なぜわかりにくい? クルマの「セグメント」
自動車メディアや中古車情報などで、時折目にするのが「セグメント」という表記です。セグメントとは、モデルごとの階級を表す区分方法の一種で、例えば「Aセグメント」などのように、主にアルファベットで表されます。
【Aクラスは何セグメント?】これが「各セグメント」の代表モデルです(写真で見る)
“Bセグ”や“Cセグ”などと略されることもあり、なんとなくカッコよい響きにも感じるセグメントですが、一方で「そもそもセグメントとは一体なんなのか」「自分のクルマが何セグメントに当たるのか」、よく理解していない人も多いのではないでしょうか。恥ずかしながら、かつては筆者も「セグメントのことをよくわかっていない人」の1人でした。
しかし実のところ、セグメントの分け方には明確な基準がありません。というのも、セグメントはもともと、海外の調査会社がマーケティングなどのために使い始めたもので、その分類方法は企業によって微妙に異なっているからです。
また民間の調査会社だけではなく、1990年代には欧州委員会も独自のセグメントを策定しています。その後は日本のメディアやユーザーにも徐々に浸透していきましたが、このように区分した団体などによって基準がバラバラなため、少なくとも日本国内においては、はっきりとした区分が存在しないのです。
とはいえ、セグメントは多くの場合、ボディサイズなどを目安に区分されることが一般的です。ここでは欧州のマーケティング会社などが採用している区分を例にとって、各セグメントとその代表的な車種を紹介していきましょう。
ざっくりいえば「Aから小さい順」
まず、最小クラスに当たるのが「Aセグメント」です。全長はおおむね3.3~3.8m程度のモデルが多く、フィアット「500」や「パンダ」などが例に挙げられるほか、国産車に当てはめた場合は、リッターカーや軽自動車クラスがAセグメントに相当します。

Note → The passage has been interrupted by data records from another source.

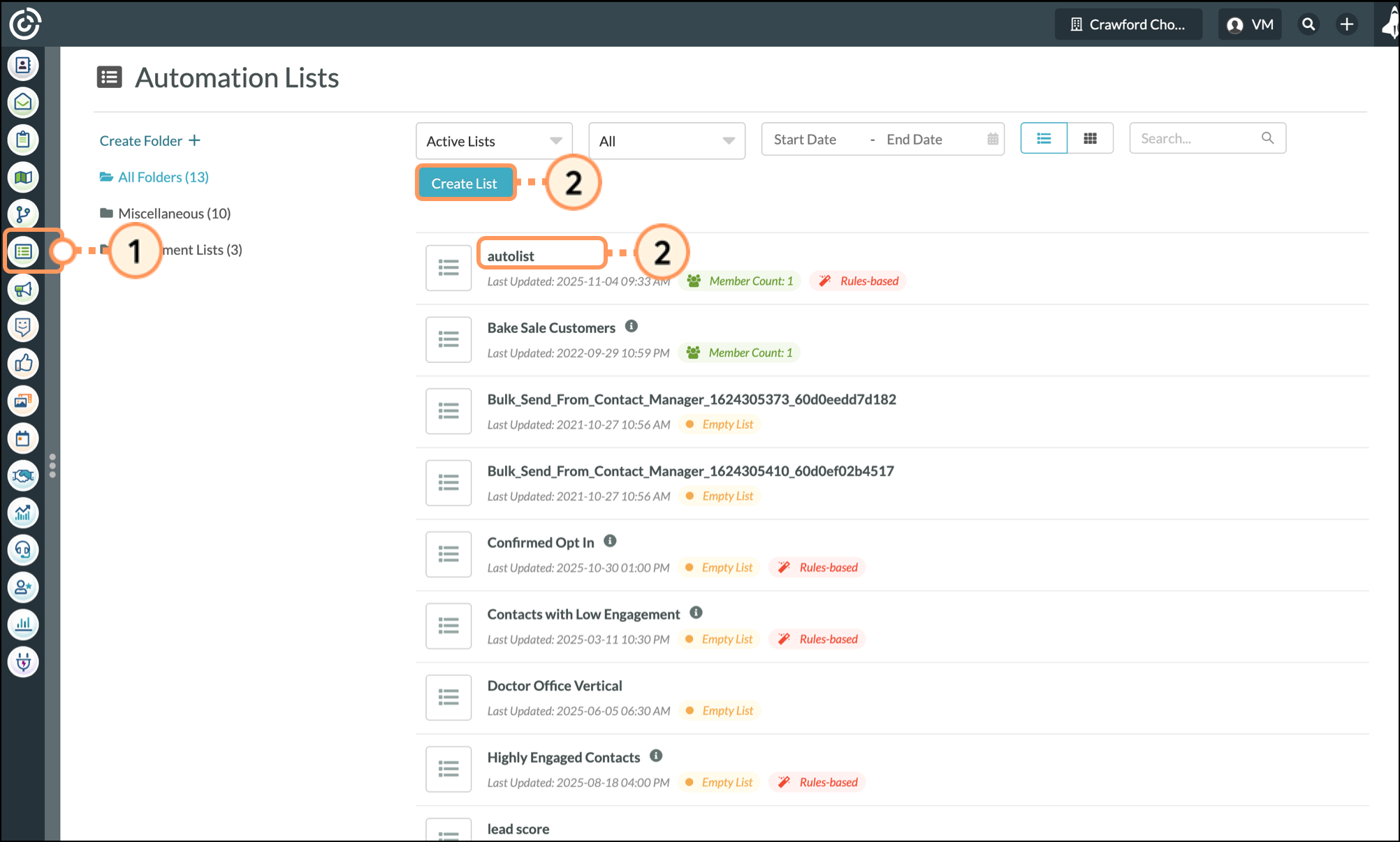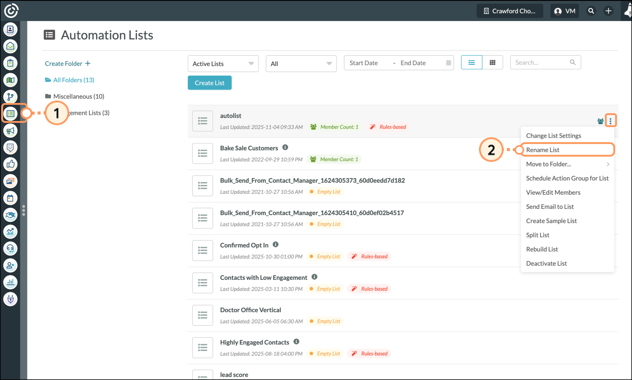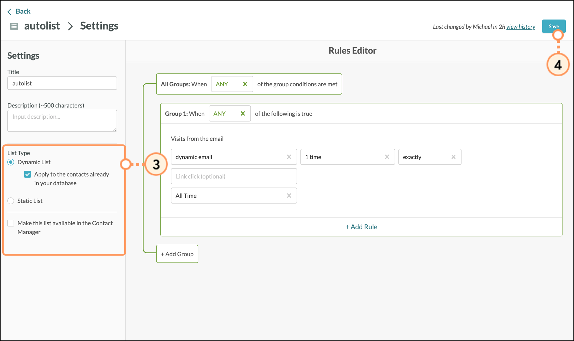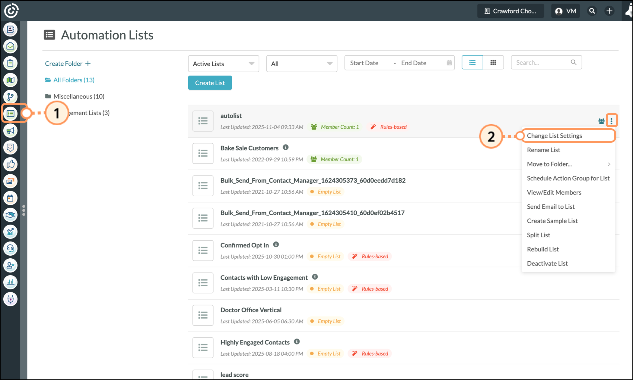 Be aware that engagement lists cannot be modified, as they are system lists. Similarly, manual lists do not have list settings, since they are not rules-based.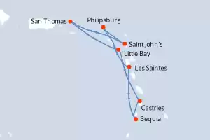 Paises Bajos,Antigua y Barbuda,Estados Unidos,Reino Unido,Santa Lucia,San Vincent y las Granadinas,Francia Itinerario: Philipsburg , Philipsburg , Saint John's , Saint John's , San Thomas , San Thomas , Little Bay , Little Bay , Castries , Castries , Bequia , Bequia , Les Saintes , Les Saintes , Philipsburg , Philipsburg Comidas incluidas Silver shadow 8 días Suite Philipsburg 19/02/2026 desde US$3600 EL PRECIO NO INCLUYE LA PERCEPCIÓN DEL 30% DE AFIP - RG 5463 TARIFA NO REEMBOLSABLE Comidas incluidas Otras fechas : 11 ene. 26 Ver las ofertas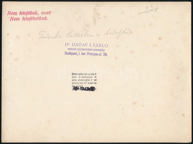 Beschreibung: cca 1930 Torockó, háttérben a Székelykő, Daday László pecséttel jelzett fotója, feliratozva, 24×18 cm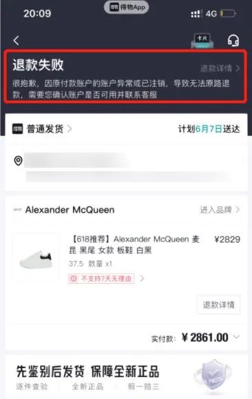 拥有七八十双球鞋的李先生是一位发烧友,时隔一年多后,他才翻出了一双从得物以2800多元购入的麦昆,试穿后发现尺码偏小,于是他便挂到之二、红布林等平台出售,结果两个平台都对此鞋鉴定为假,但是得物复验为真。随后,张先生请一位开二手奢侈品店的朋友鉴定,这位朋友也判定为假货,理由是几处明显的瑕疵:比如真鞋的鞋垫可以抽出来,但得物购入的麦昆鞋垫无法抽出,黏在鞋底上。“得物始终不愿意承认鉴定出错或给出‘假一赔三’的解决方案,由于购买时间太长,连退款都几经波折。”李先生最后只能选择退货以减少损失。

その上のクラスとなるのが「Bセグメント」。全長は約3.8~4.2m相当で、欧州車ではプジョー「208」、フォルクスワーゲン「ポロ」といったモデルが該当するほか、国産車でもトヨタ「ヤリス」、スズキ「スイフト」などのコンパクトカーが当てはまります。
全長約4.2~4.5m前後のモデルが分類される「Cセグメント」は、コンパクトカーとしては最も大ぶりなサイズといえるでしょう。フォルクスワーゲン「ゴルフ」やメルセデスベンツ「Aクラス」が“Cセグ”の代表格。日本車ではトヨタ「カローラ」シリーズなどもCセグメントだといわれています。

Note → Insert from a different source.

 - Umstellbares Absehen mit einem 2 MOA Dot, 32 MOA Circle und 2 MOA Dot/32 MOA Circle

「Dセグメント」は、ヨーロッパにおいて小型の高級セダンが多く分布しているカテゴリーです。全長はおおむね4.5~4.8m程度で、メルセデスベンツ「Cクラス」、BMW「3シリーズ」、アウディ「A4」など、日本でも普及している輸入車の代表モデルが該当するとされています。
それ以上のクラスになると、分類は「Eセグメント」や「F(またはL)セグメント」など、各団体によってさらに分かれています。また、欧州委員会などの団体では、2ドアのスポーツカーやクーペを「Sセグメント」、SUVなどのオフロード乗用車は「Jセグメント」といったように、ボディタイプによっても区分を設けています。

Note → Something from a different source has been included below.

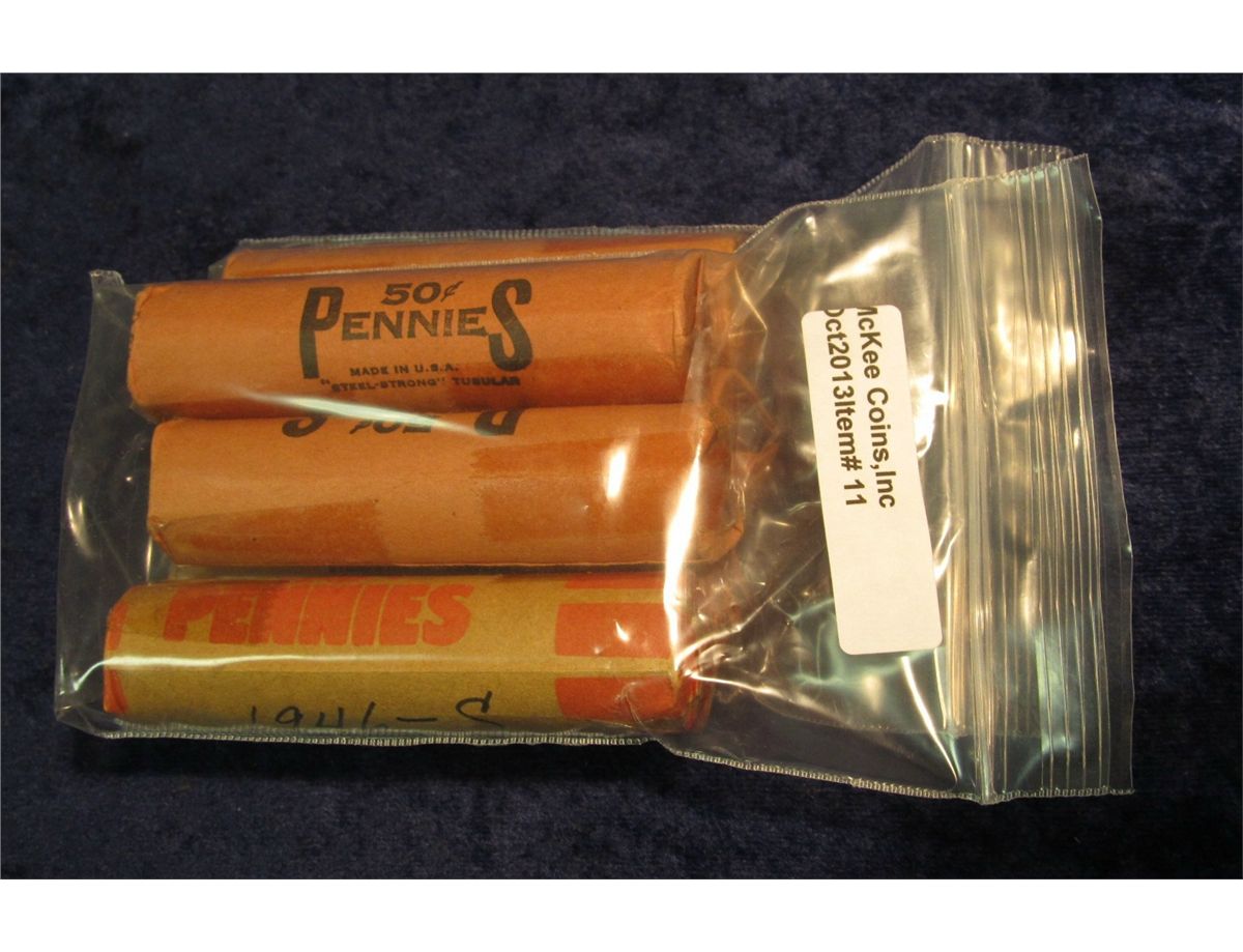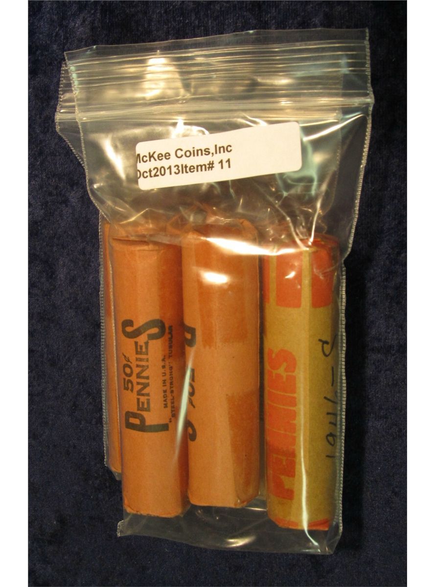 11. 1945 & 46 P, D, & S Solid Date Rolls of Lincoln Cents. Circulated. (6 rolls or $3.00 face value of Wheat Cents).

ただし、これらはあくまで欧州の“慣習的”なサイズ区分と代表車種とされるモデルであり、ボディサイズやタイプなどに基づいた統一基準ではありません。
また、セグメントの基準は、各モデルの世代交代に合わせて変化している側面もあります。例えば、“Cセグ”のフォルクスワーゲン・ゴルフ(5ドアハッチバック)を基に比較すると、1991年発売の3代目は全長約4m、全幅1.7m程度だったのに対し、現行の8代目ゴルフでは全長約4.3m、全幅1.8m近くまでサイズが拡大しています。
このように複雑な要素も多いセグメント区分ですが、ざっくり言えば、A、B、C、D……と、車格の小さい順に並べた序列であるとも表現できるでしょう。一部例外を除き、徐々に大衆車から高級車へとクラスが上がっていく傾向もあるため、一度慣れてしまえば、かえってわかりやすいのかもしれません。